# [RECORDS FOR THIS TASK]
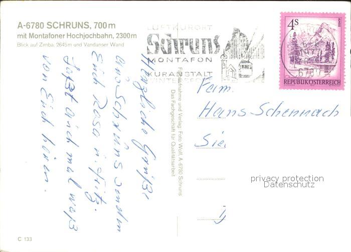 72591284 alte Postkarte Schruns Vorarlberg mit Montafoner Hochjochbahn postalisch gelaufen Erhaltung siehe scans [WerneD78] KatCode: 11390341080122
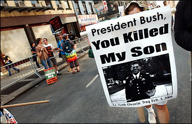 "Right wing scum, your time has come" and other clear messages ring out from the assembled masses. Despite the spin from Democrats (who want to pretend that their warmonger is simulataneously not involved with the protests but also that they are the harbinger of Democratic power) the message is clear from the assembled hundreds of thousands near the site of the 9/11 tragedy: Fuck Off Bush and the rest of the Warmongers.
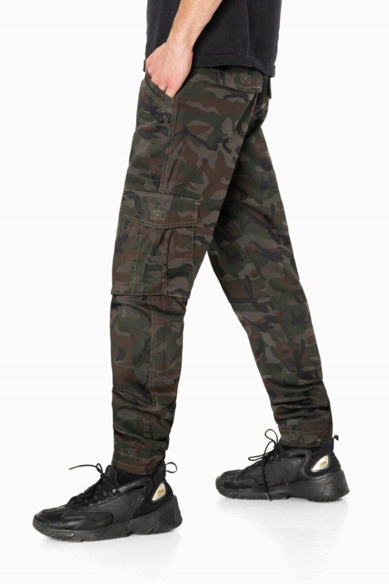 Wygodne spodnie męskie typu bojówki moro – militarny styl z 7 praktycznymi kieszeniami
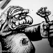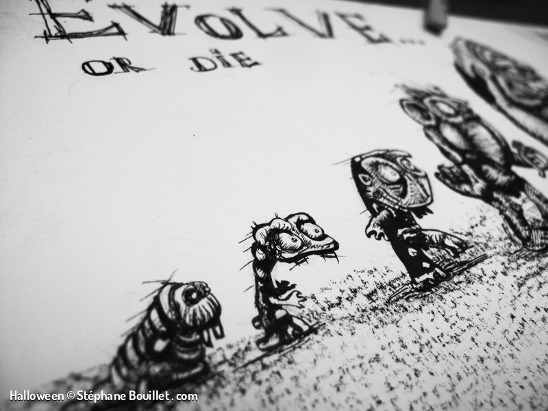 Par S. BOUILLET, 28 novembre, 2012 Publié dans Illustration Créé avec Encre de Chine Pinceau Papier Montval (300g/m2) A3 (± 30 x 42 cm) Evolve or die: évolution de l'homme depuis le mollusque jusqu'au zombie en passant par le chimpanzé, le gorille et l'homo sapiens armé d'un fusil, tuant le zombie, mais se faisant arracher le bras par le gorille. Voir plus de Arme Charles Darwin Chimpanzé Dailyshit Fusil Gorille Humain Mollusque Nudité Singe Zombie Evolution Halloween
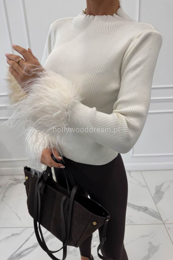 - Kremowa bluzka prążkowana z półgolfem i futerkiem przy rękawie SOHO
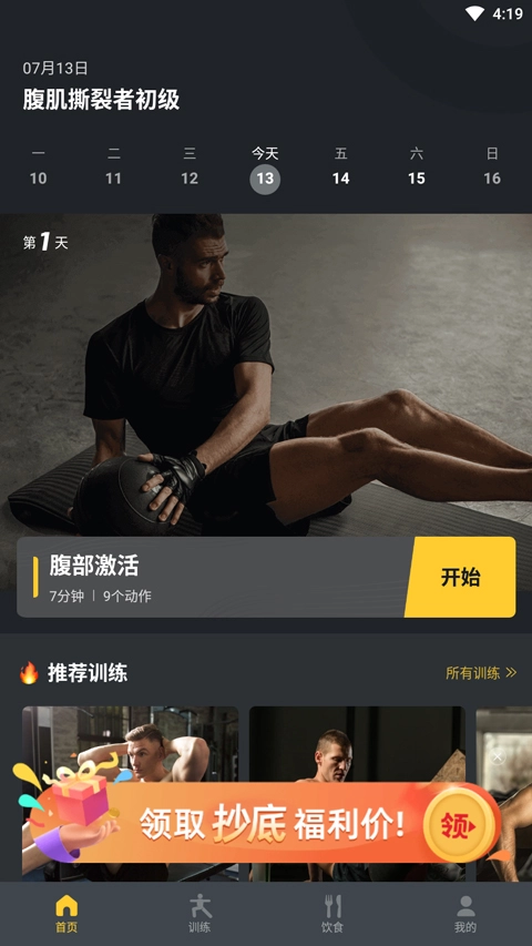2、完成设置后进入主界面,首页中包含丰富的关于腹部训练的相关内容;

# [TASK INSTRUCTIONS]
Please return the lines from the line with "Par S. BOUILLET, 28" through the last line of the data, both included, exactly, and without pictures.

# [EXPECTED ANSWER]
 Par S. BOUILLET, 28 novembre, 2012 Publié dans Illustration Créé avec Encre de Chine Pinceau Papier Montval (300g/m2) A3 (± 30 x 42 cm) Evolve or die: évolution de l'homme depuis le mollusque jusqu'au zombie en passant par le chimpanzé, le gorille et l'homo sapiens armé d'un fusil, tuant le zombie, mais se faisant arracher le bras par le gorille. Voir plus de Arme Charles Darwin Chimpanzé Dailyshit Fusil Gorille Humain Mollusque Nudité Singe Zombie Evolution Halloween
 - Kremowa bluzka prążkowana z półgolfem i futerkiem przy rękawie SOHO
2、完成设置后进入主界面,首页中包含丰富的关于腹部训练的相关内容;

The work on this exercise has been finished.